The brain's primary immune cells, microglia, are a leading causal cell type in Alzheimer's disease (AD). Yet, the mechanisms by which microglia can drive neurodegeneration remain unresolved. Here, we discover that a conserved stress signaling pathway, the integrated stress response (ISR), characterizes a microglia subset with neurodegenerative outcomes. Autonomous activation of ISR in microglia is sufficient to induce early features of the ultrastructurally distinct "dark microglia" linked to pathological synapse loss. In AD models, microglial ISR activation exacerbates neurodegenerative pathologies and synapse loss while its inhibition ameliorates them.

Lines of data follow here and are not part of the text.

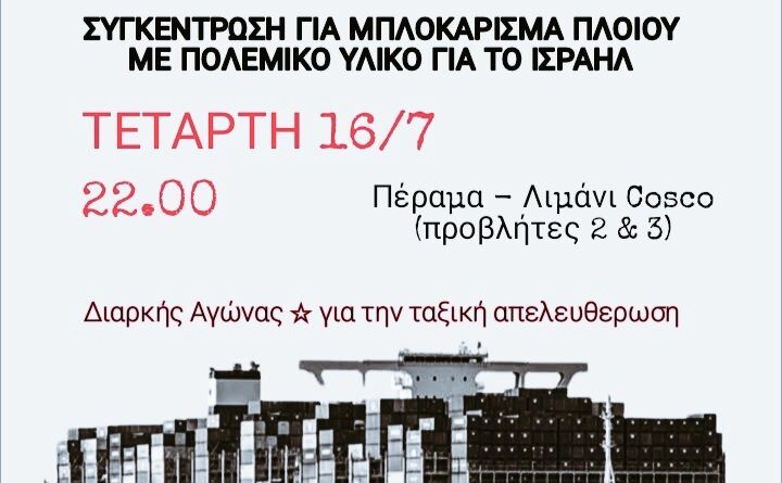 Read moreΚάλεσμα για την στήριξη της κινητοποίησης των λιμενεργατών του Πειραιά ενάντια στον ελλιμενισμό και την διαδικασία εκφόρτωσης πλοίου φορτωμένο με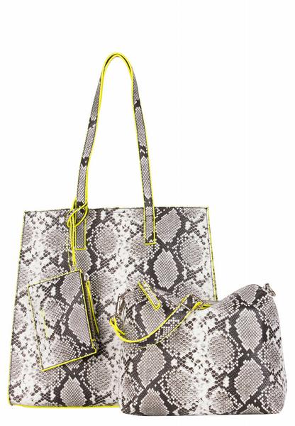Zwei Taschen in einer. Das ist "Bag in Bag"! Das Modell umfasst einen großen Shopper sowie eine dazugehörige Innentasche, die mit dem Umhängeriemen auch crossbody getragen werden kann. Super praktisch, wenn man mal etwas mehr Platz braucht. Das Modell besteht aus Kunststoff und lässt sich mit einem Druckknopf verschließen. Zweifarbiges Design und glatte Optik sind fein gearbeitet und verleihen dem Shopper einen edlen Look. EMILY & NOAH - für selbstbewusste Frauen, die wissen, was sie wollen. Mit dem Accessoire von EMILY & NOAH wird ein individueller Stil geschaffen. Kombiniert mit einer schicken Hose, einem Kleid oder einer modischen Tunika zeigen die Produkte des Labels echte Persönlichkeit. Das Modell Lina ist von der Haptik eher fest, sodass Sachen, die nicht geknickt werden dürfen, sicher transportiert werden. Über der Schulter ist dieses Modell mit dem komfortablen Umhängeriemen und den zwei Tragegriffen zu tragen.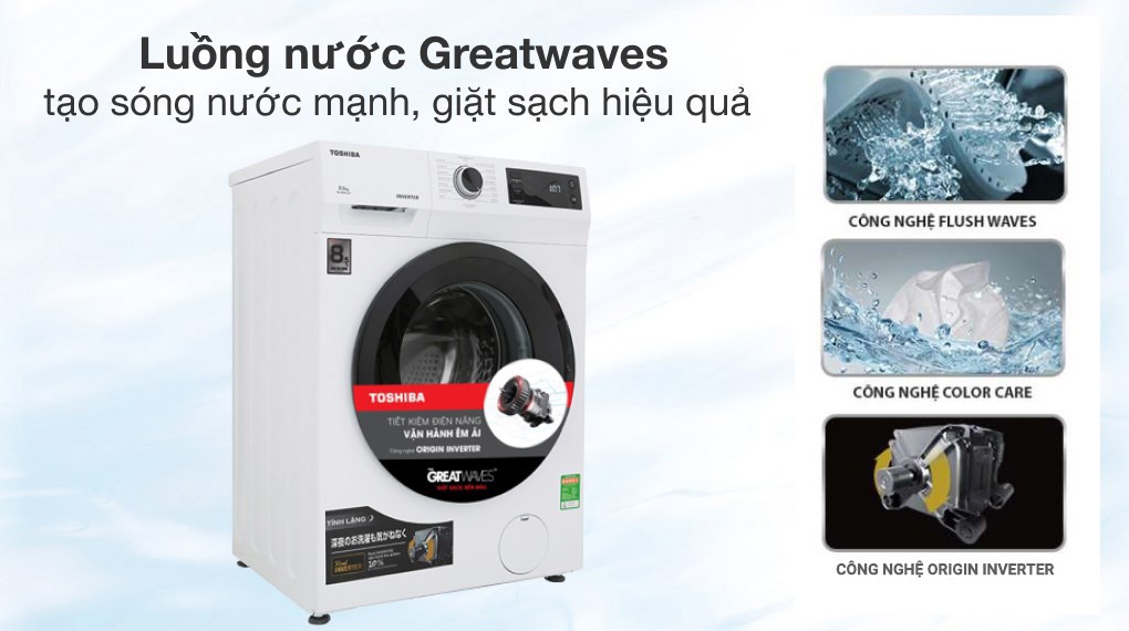 Công nghệ The GreatWaves là điểm nhấn sáng giá của máy giặt Toshiba 8.5kg. Đây là sự kết hợp giữa 3 công nghệ độc quyền: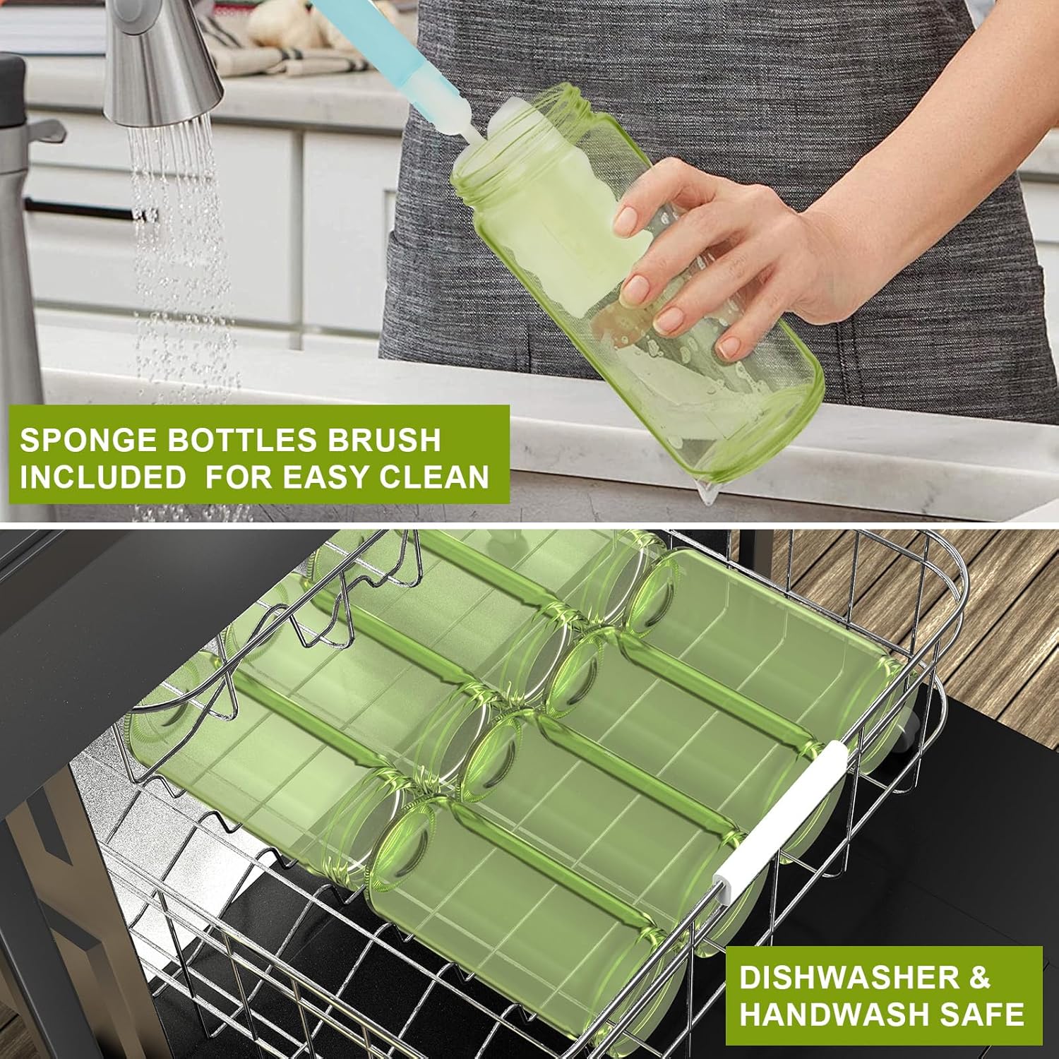 Ruckae Green 16oz 10 Pack Juice Bottles, Glass Bottles Juicing with Lids, Smoothie Cup Lids and Straws, Water Bottle Mason Jar Drinking Glasses for Juicing, Smoothies, Kombucha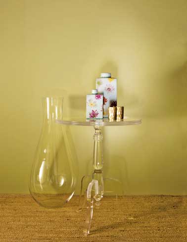 A couper le souffle, cette déco de l’entrée avec sa peinture de couleur vert clair ! Une nuance super lumineuse, qui s’exprime complètement dans cette image avec une table basse en plexiglas et un grand vase en verre. La transparence du verre répond à la luminosité des nuances de vert dans un subtil jeu de reflets. Pétillante et dynamique, cette couleur fraîche s’harmonisera bien aussi avec des nuances beige, écru, taupe ou gris. Une peinture à appliquer sur les murs d’une petite pièce sombre pour l’éclairer et la réveiller.
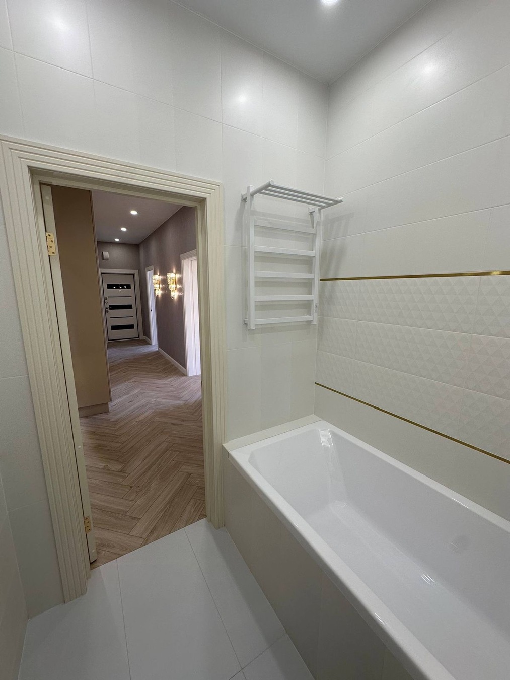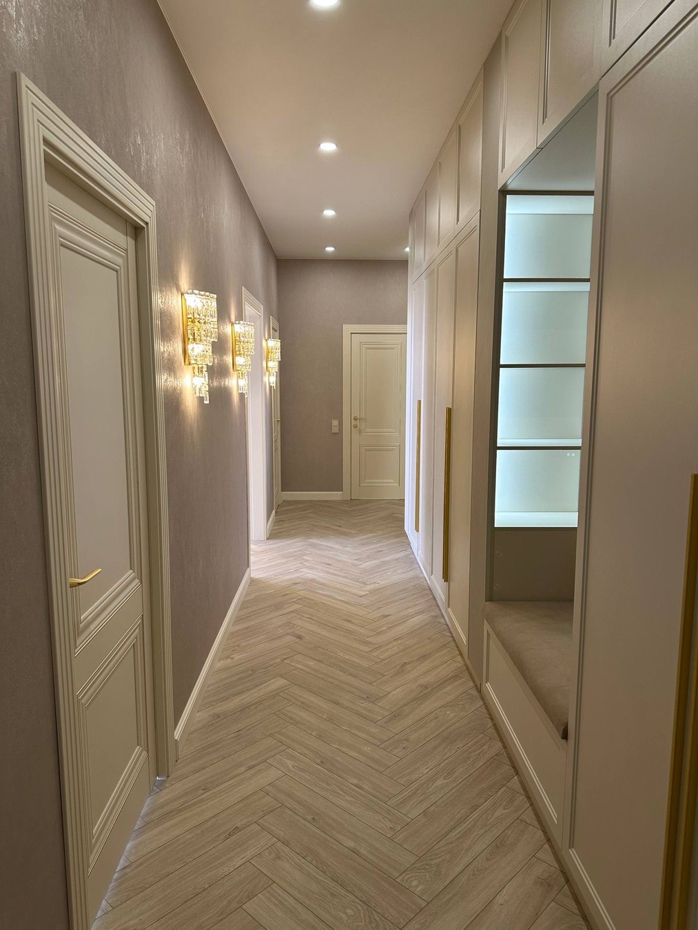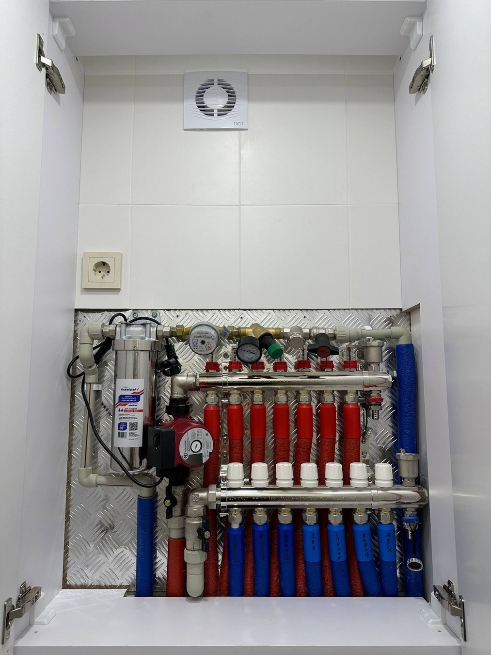- Без радиаторов — тёплый водяной пол по квартире; отопление каждой комнаты включается отдельно (экономия и комфорт).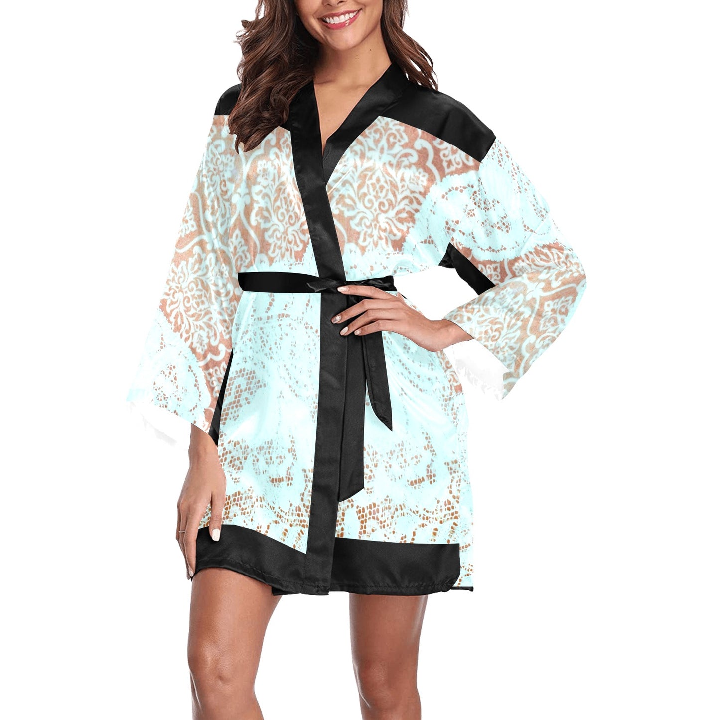 Victorian Lace Kimono Robe, Black or White Trim, Sizes XS to 2XL, Design 23

Mechanistically, we present evidence that ISR activation promotes the secretion of toxic lipids by microglia, impairing neuron homeostasis and survival in vitro. Accordingly, pharmacological inhibition of ISR or lipid synthesis mitigates synapse loss in AD models. Our results demonstrate that microglial ISR activation represents a neurodegenerative phenotype, which may be sustained, at least in part, by the secretion of toxic lipids.

Keywords: Alzheimer’s disease; ISR; dark microglia; integrated stress response; lipid secretion; lipotoxicity; microglia; neurodegeneration; neurotoxic microglia; non-cell-autonomous stress.

Figure 1.. The presence of microglia with cellular stress and ISR activation in AD patients and mouse models.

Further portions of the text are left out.